The outstanding obligations under each September 2024 Note are convertible in whole or in part into shares of our common stock (the “Conversion Shares”) at a conversion price of $7.50 per share (subject to equitable adjustment for stock splits, stock dividends and the like with respect to our common stock after the Financing Closing) (the “Conversion Price”) at any time after the Financing Closing at the sole election of the Investor.

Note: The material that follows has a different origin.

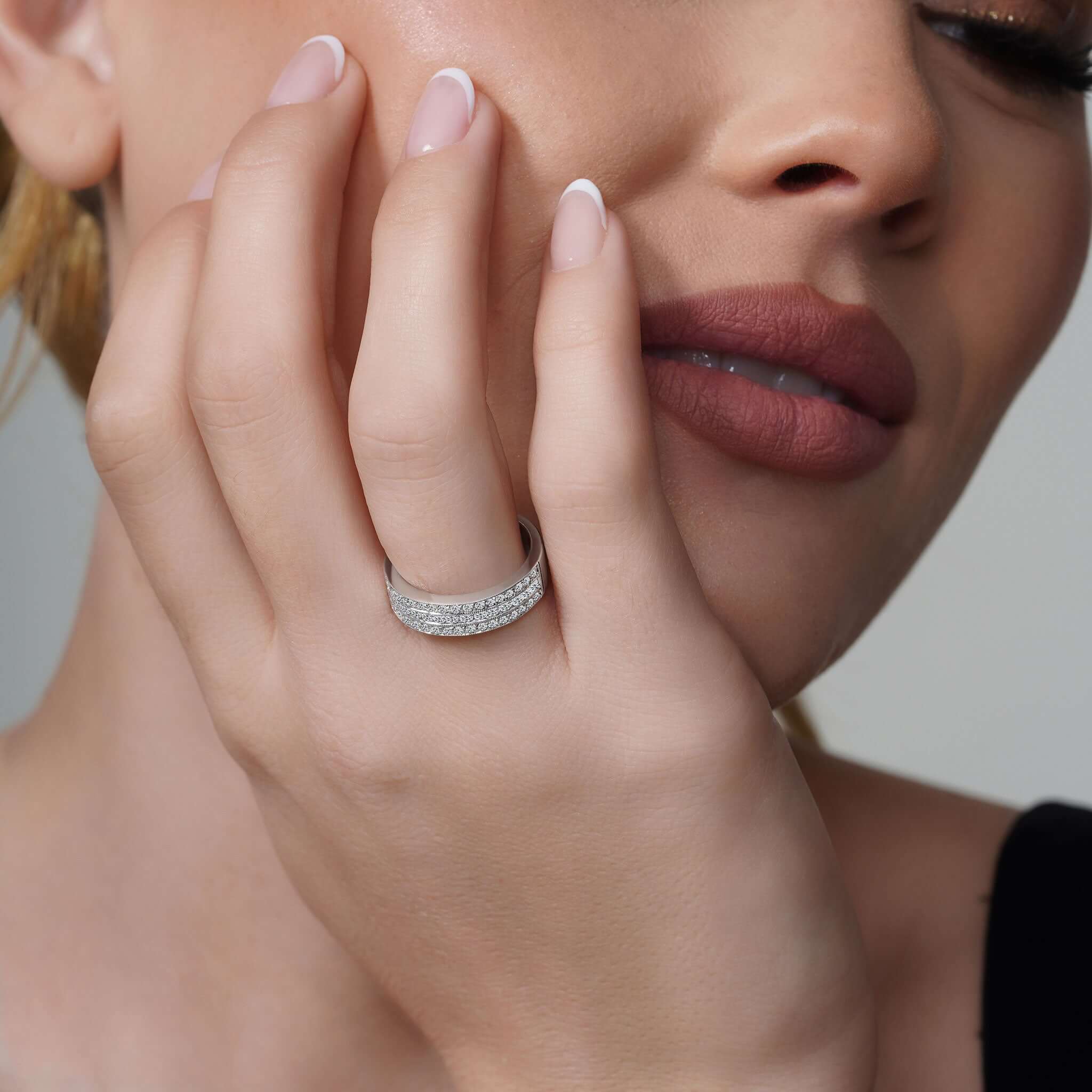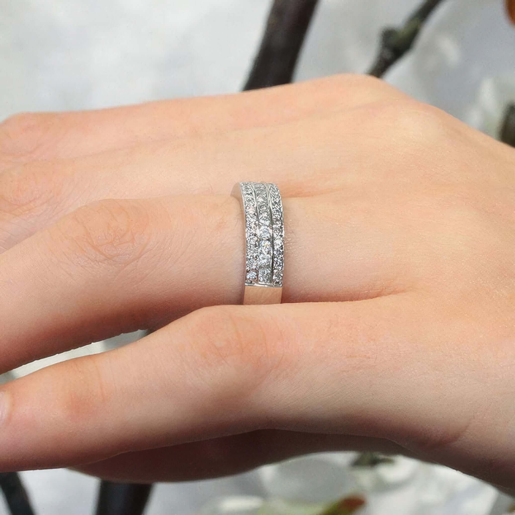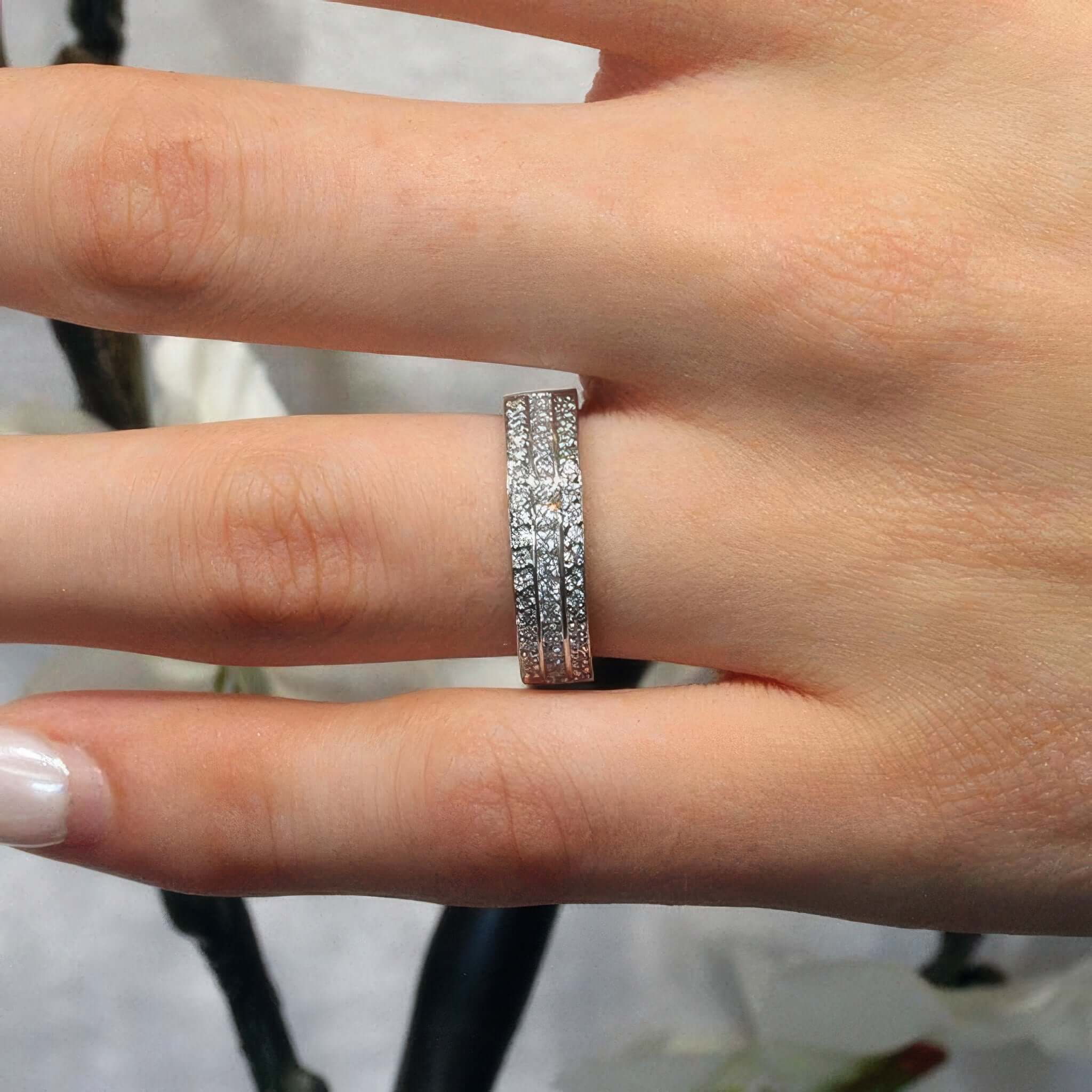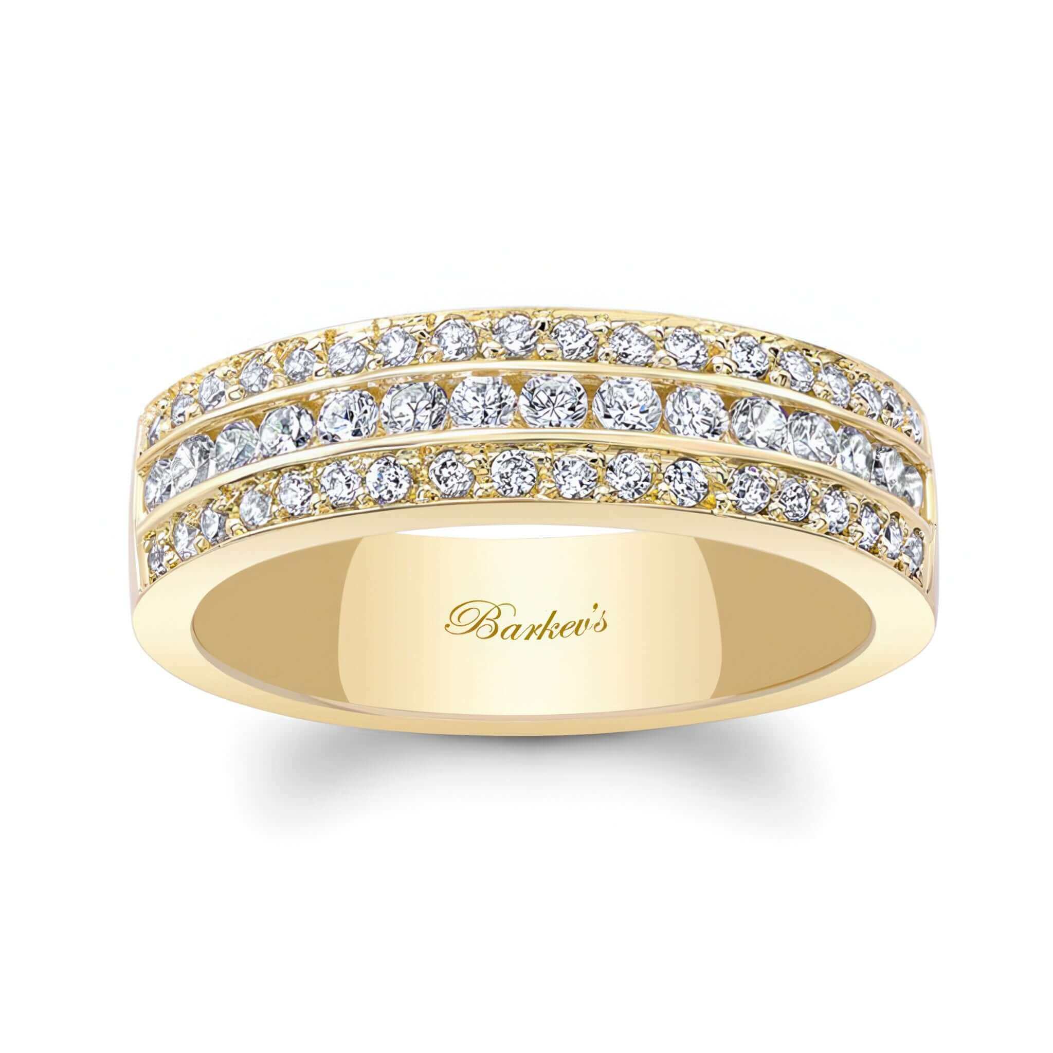 This three row diamond wedding band features channel set diamonds in the center surrounded by two rows of pave set diamonds and a milgrain finish for a stunning look.
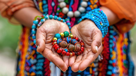 A close-up view of open hands showcasing vibrant handcrafted beaded jewelry against a colorful textile background, highlighting rich cultural artistry.

The outstanding obligations under each September 2024 Note will automatically convert at the Conversion Price if (i) the Company or its subsidiaries consummate one or more additional financings for equity or equity-linked securities for at least $20 million in the aggregate or makes one or more significant acquisitions valued in the aggregate (based on the consideration provided by the Company and its subsidiaries) to be at least $20 million, (ii) the Investors holding a majority of the aggregate outstanding obligations under the September 2024 Notes expressly agree to convert all obligations under the September 2024 Notes or (iii) the our common stock trades with an average daily VWAP of at least $10.00 (subject to equitable adjustment for stock splits, stock dividends and the like with respect to our common stock after the Financing Closing) for ten (10) consecutive trading days. The obligations under each September 2024 Note will also automatically convert in connection with a Brokerage Transfer, as described below.

 

The September 2024 Notes and the Conversion Shares are subject to a lock-up for a period of 6 months after the Financing Closing (subject to early release for a liquidation, merger, share exchange or other similar transaction that results in all of the Company’s stockholders having the right to exchange their equity holdings in the Company for cash, securities or other property, and subject to customary permitted transfer exceptions). The Transferred Shares are not be subject to any lock-up restrictions, but for a period of 6 months after the Closing they will be separately designated by the Transfer Agent and kept as book entry shares on the Transfer Agent’s records and will not be eligible to be held by DTC without the Investor first notifying the Company of its intent to transfer any such Transferred Shares to a brokerage account and/or to be held by DTC or another nominee (a “Brokerage Transfer”). If the Investor provides such notice or otherwise has any Transferred Shares subject to a Brokerage Transfer within 6 months after the Closing, a portion of the outstanding obligations under such Investor’s Note will automatically convert into a number of Conversion Shares equal to the number of Transferred Shares subject to such Brokerage Transfer, and the lock-up period for such Conversion Shares will be extended for an additional 6 months to 12 months after the Financing Closing. As of December 31, 2024, $250,000 in aggregate principal amount of the September 2024 Notes, together with associated interest, had automatically converted upon the occurrence of a Brokerage Transfer.

 

The Company reviewed the conversion feature granted in the notes under ASC 815 and concluded that the conversion price was based on a variable (enterprise value) that was not an input to the fair value of a “fixed-for-fixed” option as defined under FASB ASC Topic No. 815 – 40 and is therefore considered a conversion option liability that should be bifurcated from the debt host. As the fair value of the conversion option liability exceeded the net proceeds received, in accordance with ASC 470-20, the Company recorded the conversion option liability at fair value with the excess of the fair value over the net proceeds received recognized as a loss in earnings. See Note 14 “Fair Value Measurements” for further information.